Hacker News new | ask | show | jobs
by Imnimo 751 days ago
"Automated alignment research" suggests he's still interested in following the superalignment blueprint from OpenAI. So what do you do while you're waiting for the AI that's capable of doing alignment research for you to arrive? If you believe this is a viable path, what's the point of putzing around doing your own research when you'll allegedly have an army of AI researchers at your command in the near future?
4 comments

Well, I presume you have to figure out how to evaluate their output, especially for trustworthiness. And that's something you have to do the core of yourself, no matter how many AI researchers you'll have.
The premise of the plan is that evaluating output is easier than producing it, such that a human researcher could look at the AI researcher's output and tell if it's correct and trustworthy. If this is true, what else is there to figure out?
> what do you do while you're waiting for the AI that's capable of doing alignment research for you to arrive

Nobody interested in superalignment is interested in waiting until actually threatening AI gets here.

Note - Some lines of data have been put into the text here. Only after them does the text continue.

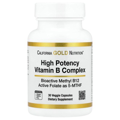 California Gold Nutrition High Potency Vitamin B Complex with Methyl Folate & Methyl B12, 30 Veggie Capsules
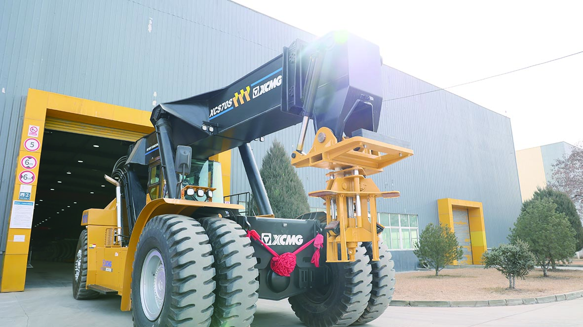 正面吊一般指正面起重机。此次交付的风电正面吊XCS70S,是目前国产最大吨位,额定载荷70吨,吊装应用范围更广。较之汽车吊等传统风电轮毂吊装方法,XCS70S专业针对大型风电轮毂等设备吊装,配置专属吊具,使用更加方便灵活,吊装搬运效率大幅提升。此外,整机还标配自动灭火装置、胎压监测系统、360全景影像系统,确保驾乘作业安全可靠。
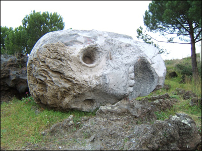 Une première encore que cette route en lacets qui monte vers le cratère en exposant, fruits de ses coulées de mars 1944, des œuvres faites de la même lave, en une harmonie unique… Dix artistes qui ont trouvé leur place au hasard d’un tirage au sort qui fit bien les choses puisque L’Ange de feu d’Alekos Fassianos, dont le jeune homme ailé du bas-relief appelle les agapes et les feux du soleil couchant, se situe au plus haut vers le cratère. Hasard encore qui positionna Liestening with the Eyes de Mark Brusse est la première station de ce chemin , avec son haut regard antique démultiplié aux quatre coins de l’horizon…

But that's the fundamental superalignment plan - train a human-level alignment researcher AI, run a bunch of them in parallel, and review their research output to see if they solve the alignment problem. You can't do the plan until the human-level alignment researcher AI already exists.
A large part of the idea is that you can develop techniques for aligning sub-human AI using even stupider AI and hope/pray that continues to generalize once you get to super-human AI being aligned by human-level AI.
Current systems are already (in a limited way) helping with alignment, anthropic is using its AI to label the sparse features of their sparse auto encoder approach. I think the original idea of labeling neurons by AI came from william saunders, who also left openai recently.
I think his tweet can be read as "research in (1) scalable oversight, (2) weak-to-strong generalization, and (3) automated alignment".